Con ciò, tuttavia, il nostro discorso è ben lontano dall’essere concluso, infatti, domenica 1 luglio nell’ambito del festival celtico triestino Triskell, ho tenuto una conferenza il cui testo vorrei del pari presentarvi, dedicata a un’analisi del fenomeno megalitico sul continente europeo, e si tratta di un argomento le cui implicazioni anche politiche certamente sfuggono a un pubblico generalista, ma non certamente a noi che sappiamo che si tratta di reagire alla minimizzazione del ruolo del nostro continente nella civiltà umana, così come essa ci viene presentata dalla cultura ufficiale, dai testi scolastici, dalle trasmissioni divulgative e via dicendo, minimizzazione che ha lo scopo di addormentare le coscienze per impedirci di reagire alla progressiva sostituzione etnica, assumendo in questo una funzione del tutto analoga alla diffusione della favola dell’Out of Africa.

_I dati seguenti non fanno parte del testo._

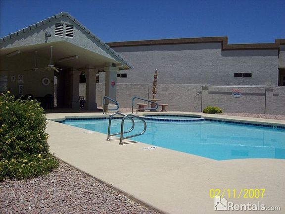 Gated community near Power/Brown, community POOL, custom decorator paint throughout, single level split floorplan, raised ceilings, skylights, ceiling fans, wood floors in 2 bedrooms, covered patio with small yard, 2 car garage w/opener, washer, dryer and refrigerator. HOA takes care of the front yard. No smoking inside. Pet considered.

Solo che qui il problema si pone daccapo: anche in questo caso, si tratta di un testo piuttosto lungo (non è che io ci tenga a essere prolisso, ma certi argomenti richiedono di essere sviscerati con cura per non prestare il fianco a prevedibili critiche), che occorrerà del pari suddividere in tre parti, e di nuovo occorrerà vedere quando collocare queste ultime, perché non è che le vicende politiche attuali possano essere del tutto trascurate. Insomma, sto cercando di fare il meglio possibile con gli spazi e i tempi a mia disposizione.
Prima di entrare nel vivo, vorrei ancora dirvi che il gruppo facebook da me creato, “L’eredità degli antenati”, principalmente allo scopo di fungere da archivio di questi articoli dopo la loro comparsa su “Ereticamente”, al presente viaggia sui 290 membri, ma tranquillizzatevi, se siete interessati, c’è ancora posto.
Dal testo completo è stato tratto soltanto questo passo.